Would you restate every entry below word for word? Leave out the pictures.

Dataset excerpts:
*****
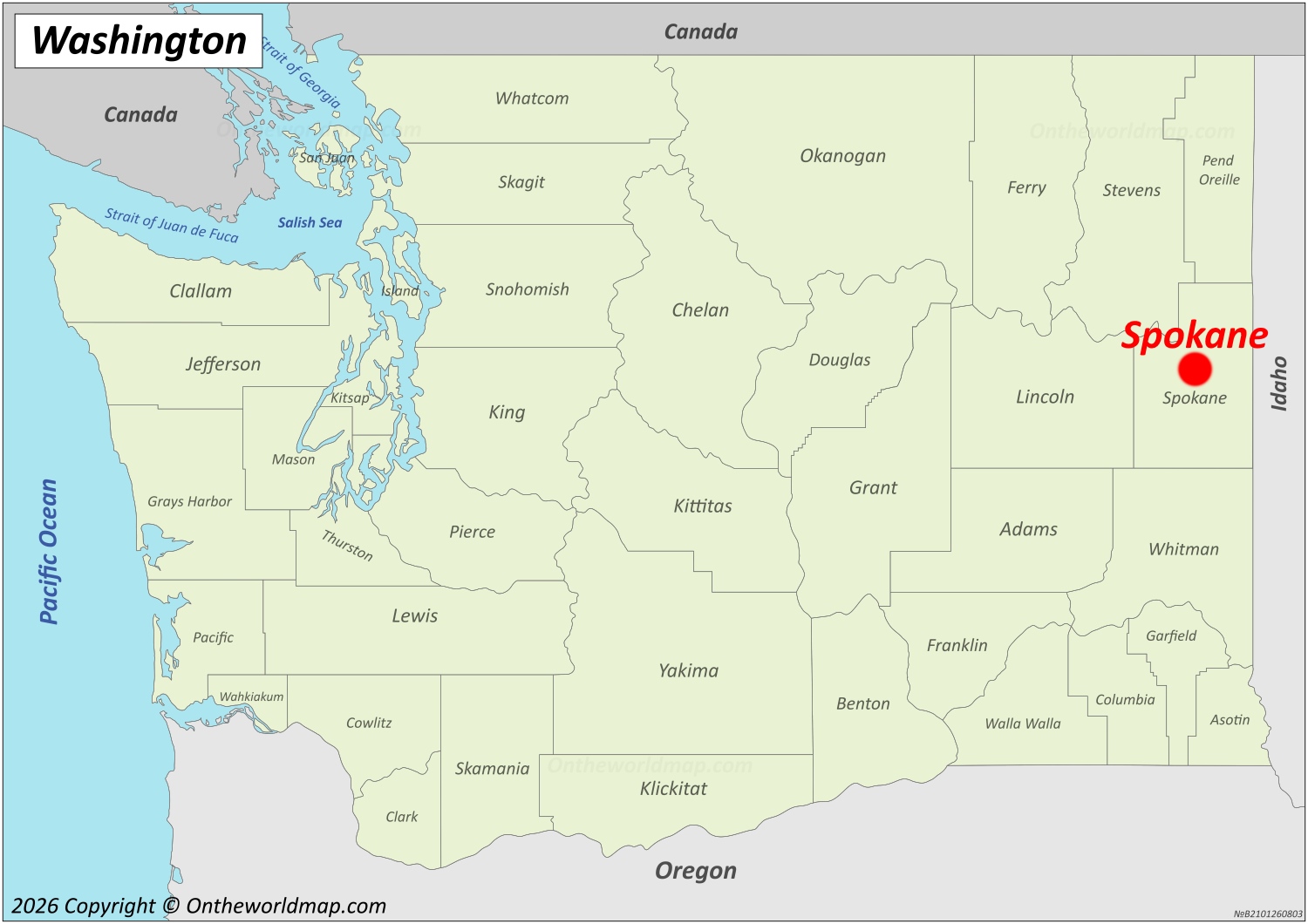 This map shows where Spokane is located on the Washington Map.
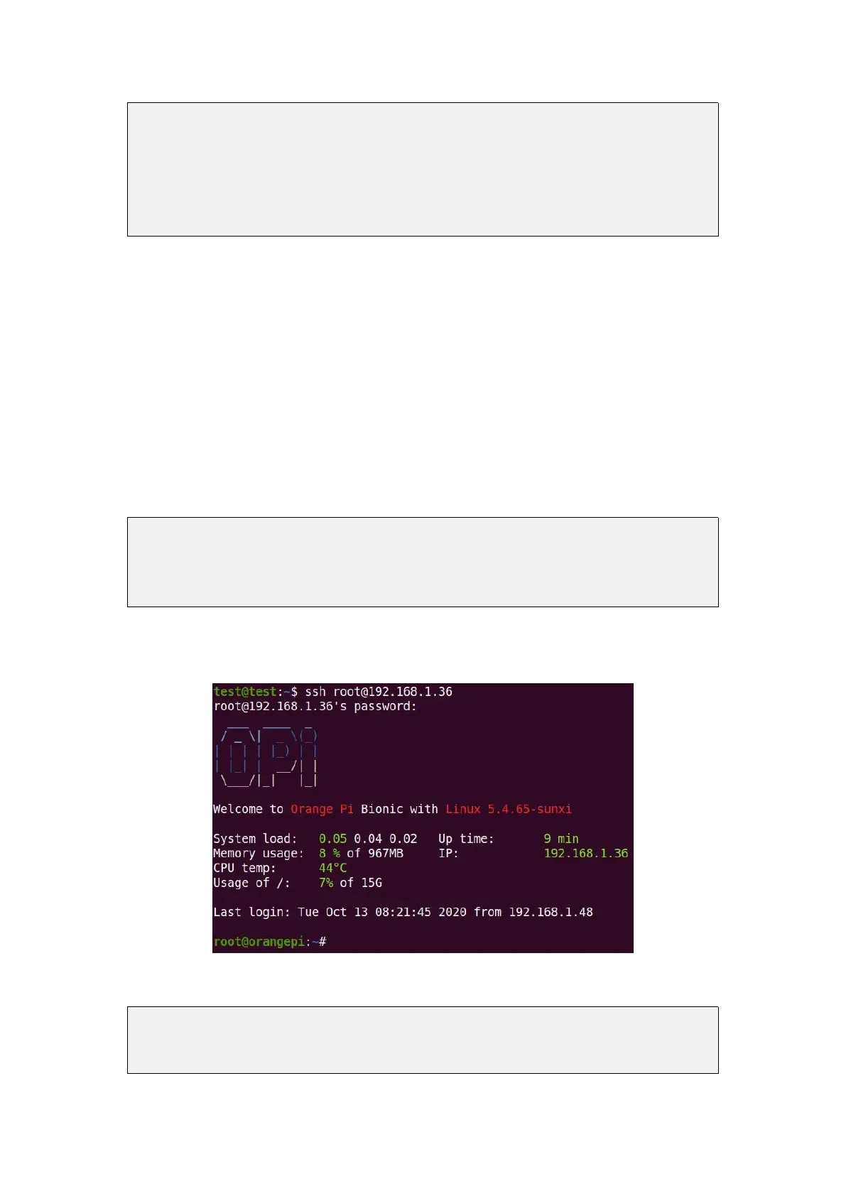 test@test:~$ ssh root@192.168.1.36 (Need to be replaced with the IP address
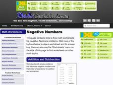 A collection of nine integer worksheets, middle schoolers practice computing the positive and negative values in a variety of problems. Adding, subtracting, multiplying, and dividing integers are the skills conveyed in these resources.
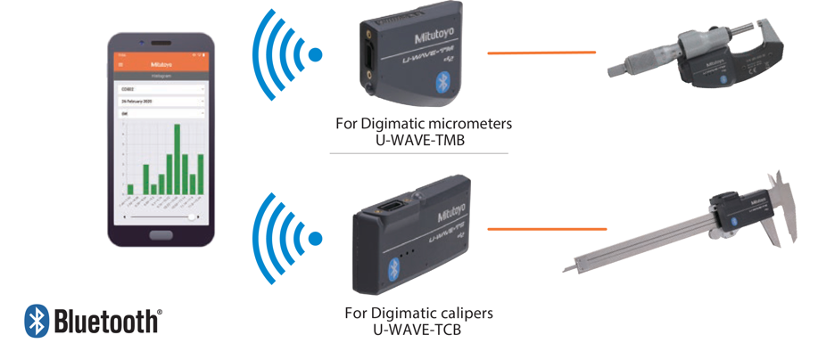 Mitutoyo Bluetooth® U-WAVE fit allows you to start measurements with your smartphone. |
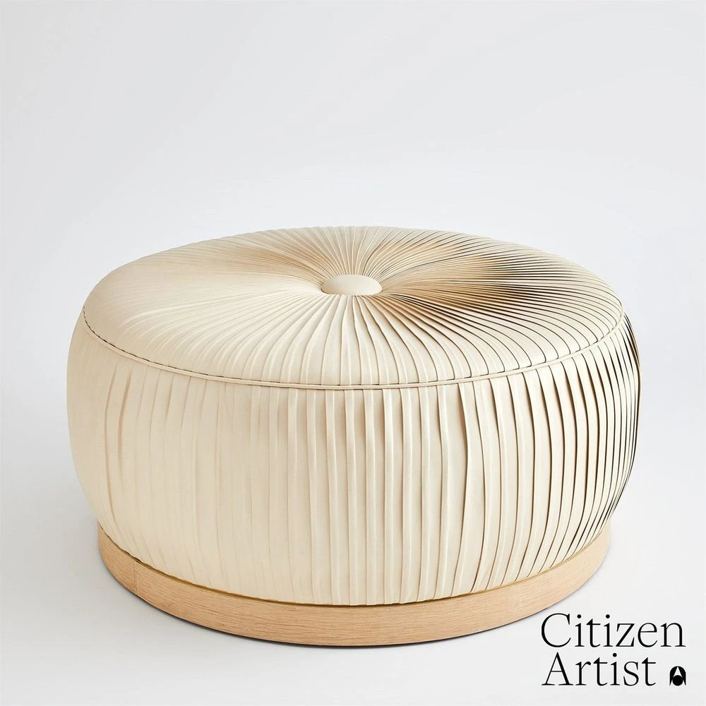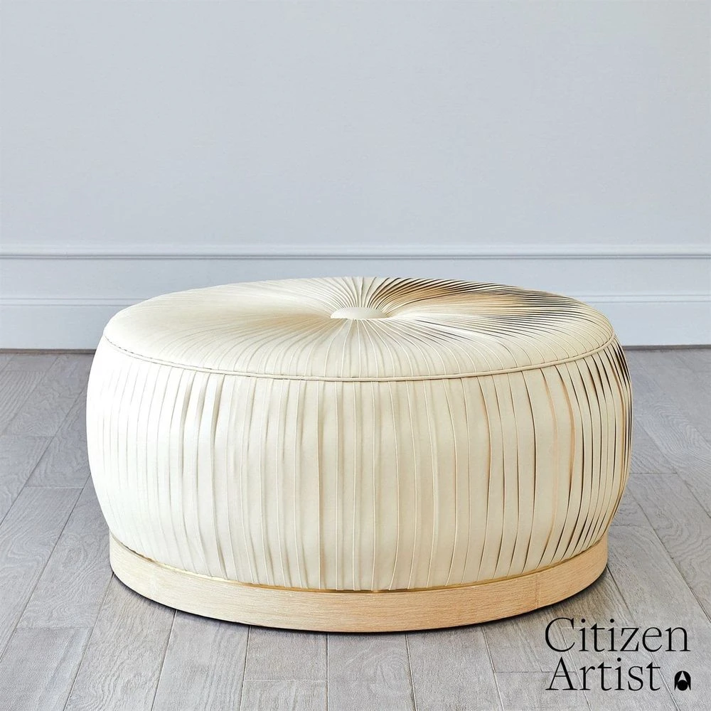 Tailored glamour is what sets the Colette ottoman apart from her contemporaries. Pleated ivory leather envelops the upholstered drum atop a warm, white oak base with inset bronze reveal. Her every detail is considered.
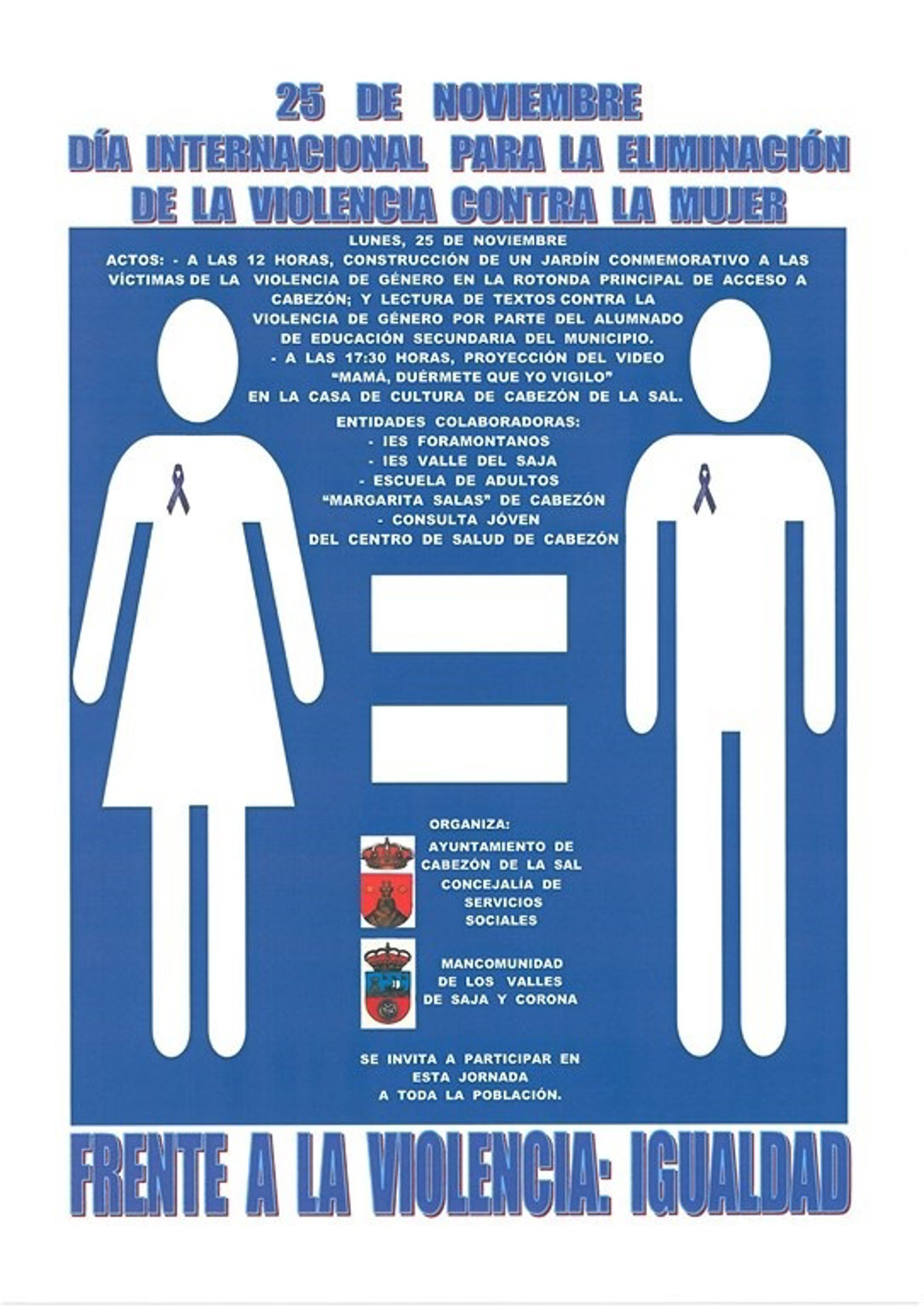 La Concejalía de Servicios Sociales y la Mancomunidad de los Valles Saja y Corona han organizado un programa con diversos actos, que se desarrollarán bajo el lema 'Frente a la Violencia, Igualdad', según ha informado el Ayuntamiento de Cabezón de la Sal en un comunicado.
*****
_REPLY_
 This map shows where Spokane is located on the Washington Map.
 test@test:~$ ssh root@192.168.1.36 (Need to be replaced with the IP address
 A collection of nine integer worksheets, middle schoolers practice computing the positive and negative values in a variety of problems. Adding, subtracting, multiplying, and dividing integers are the skills conveyed in these resources.
 Mitutoyo Bluetooth® U-WAVE fit allows you to start measurements with your smartphone. |
 Tailored glamour is what sets the Colette ottoman apart from her contemporaries. Pleated ivory leather envelops the upholstered drum atop a warm, white oak base with inset bronze reveal. Her every detail is considered.
 La Concejalía de Servicios Sociales y la Mancomunidad de los Valles Saja y Corona han organizado un programa con diversos actos, que se desarrollarán bajo el lema 'Frente a la Violencia, Igualdad', según ha informado el Ayuntamiento de Cabezón de la Sal en un comunicado.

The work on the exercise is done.